* REQUIRED WORK
Every record must be copied exactly, except that pictures are dropped.
-*-
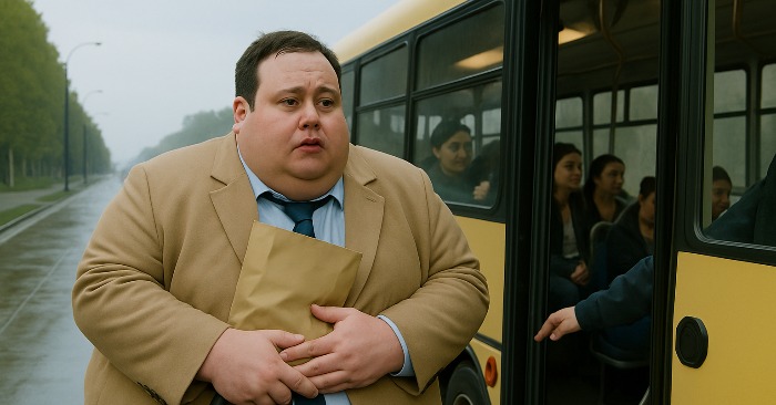 Martin sto på bussholdeplassen med kofferten sin og en papirpose med smørbrød. Skjorten hans var anstrengt, kragen var stram, armhulene var fuktige – som vanlig.
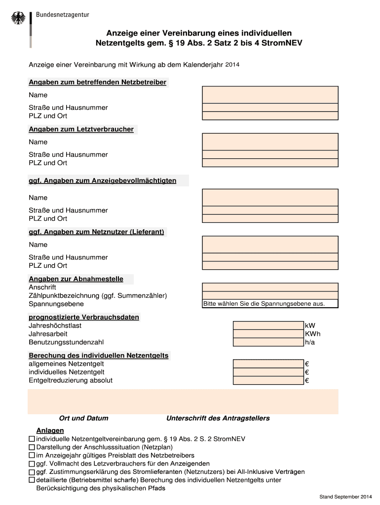 Individually Netzentgeltvereinbarung gem. 19 Abs. 2 S. 2 Strong Darstellung her Anschlusssituation (Replan) I'm Anzeigejahr g times Greenblatt DES Netzbetreibers
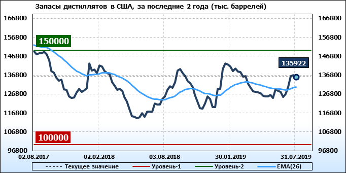 Коммерческие запасы дистиллятов снизились на 894 тыс. баррелей, достигнув 135,922 млн баррелей.
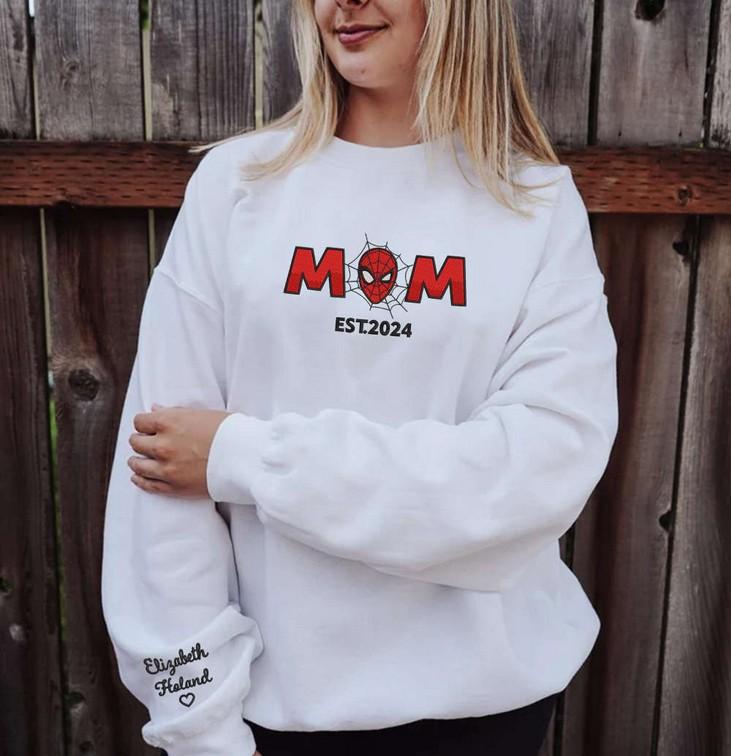 Introducing our Custom Spider Dad & Mom With Kid Names on Sleeve Embroidered Shirt! This Marvel Sweatshirt is the perfect Mother's Day gift for Spiderman enthusiasts. Made with highquality materials, it showcases your favorite superhero in style. Personalize it with your children's names embroidered on the sleeves, adding a heartwarming touch. The shirt offers comfort, durability, and a unique design that will make you stand out from the crowd. Show your love for Spiderman and your family with this one-of-a-kind Spiderman Couple shirt. Order now and surprise your loved ones with an unforgettable gift!
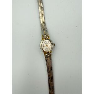 Waltham Women Silver Gold Toned Stainless Steel Band Oval Shaped Face Wristwatch
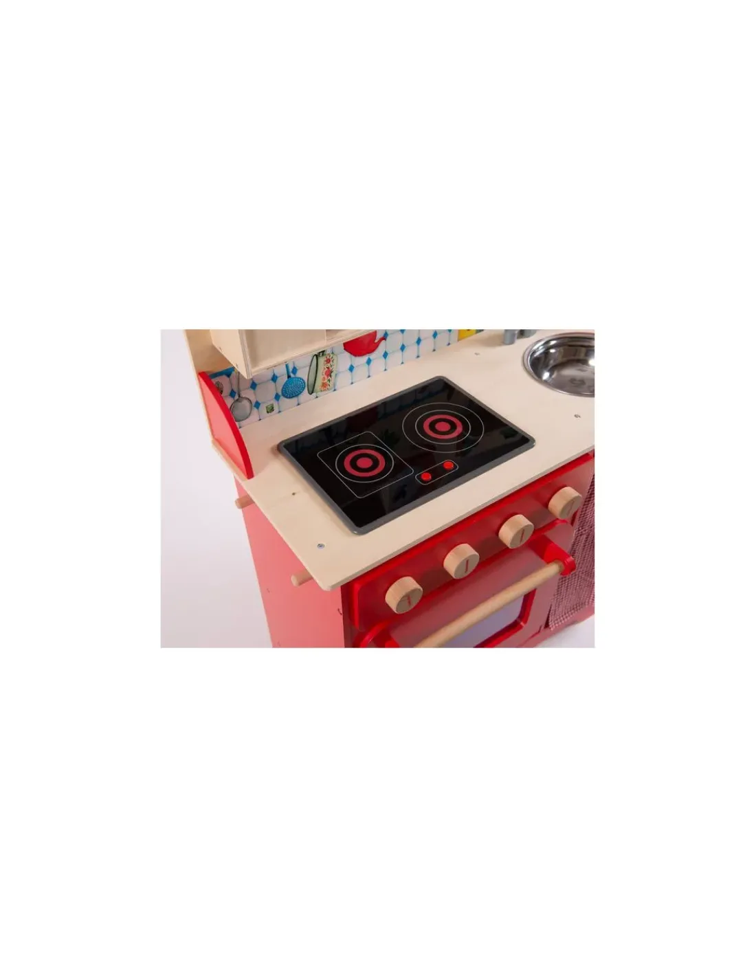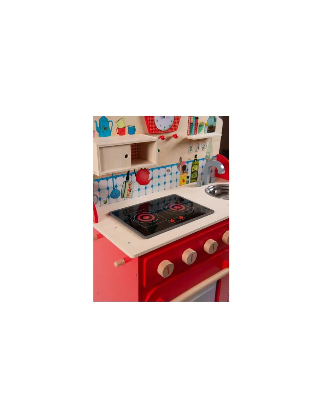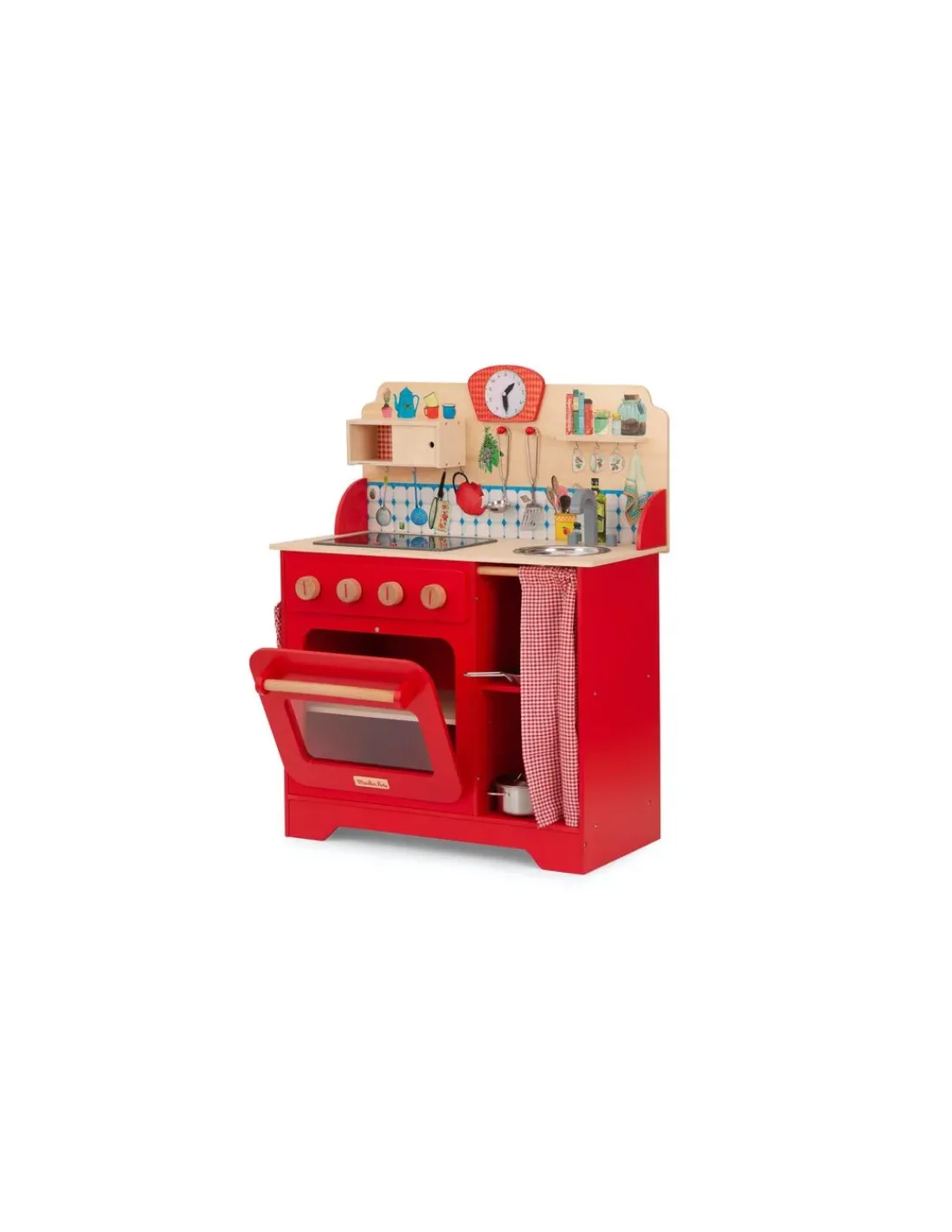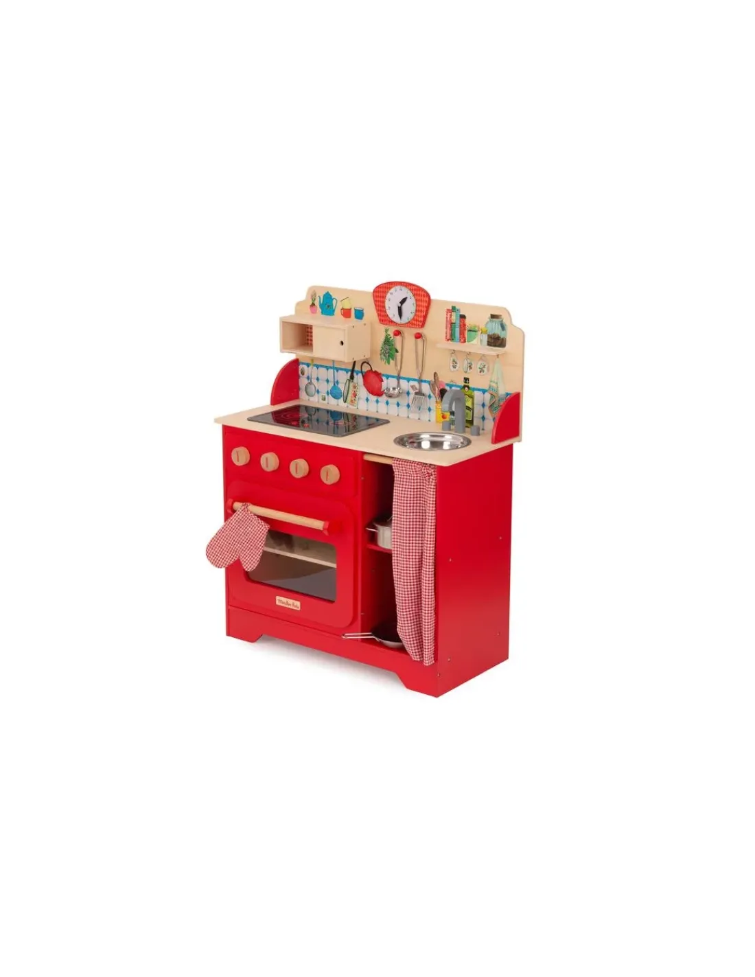 Découvrez la cuisinière de la collection La grande famille de Moulin Roty, une grande cuisine en bois rouge avec des accessoires pour cuisiner comme les grands dès 3 ans.
-*-
* COMPLETED EXERCISE
 Martin sto på bussholdeplassen med kofferten sin og en papirpose med smørbrød. Skjorten hans var anstrengt, kragen var stram, armhulene var fuktige – som vanlig.
 Individually Netzentgeltvereinbarung gem. 19 Abs. 2 S. 2 Strong Darstellung her Anschlusssituation (Replan) I'm Anzeigejahr g times Greenblatt DES Netzbetreibers
 Коммерческие запасы дистиллятов снизились на 894 тыс. баррелей, достигнув 135,922 млн баррелей.
 Introducing our Custom Spider Dad & Mom With Kid Names on Sleeve Embroidered Shirt! This Marvel Sweatshirt is the perfect Mother's Day gift for Spiderman enthusiasts. Made with highquality materials, it showcases your favorite superhero in style. Personalize it with your children's names embroidered on the sleeves, adding a heartwarming touch. The shirt offers comfort, durability, and a unique design that will make you stand out from the crowd. Show your love for Spiderman and your family with this one-of-a-kind Spiderman Couple shirt. Order now and surprise your loved ones with an unforgettable gift!
 Waltham Women Silver Gold Toned Stainless Steel Band Oval Shaped Face Wristwatch
 Découvrez la cuisinière de la collection La grande famille de Moulin Roty, une grande cuisine en bois rouge avec des accessoires pour cuisiner comme les grands dès 3 ans.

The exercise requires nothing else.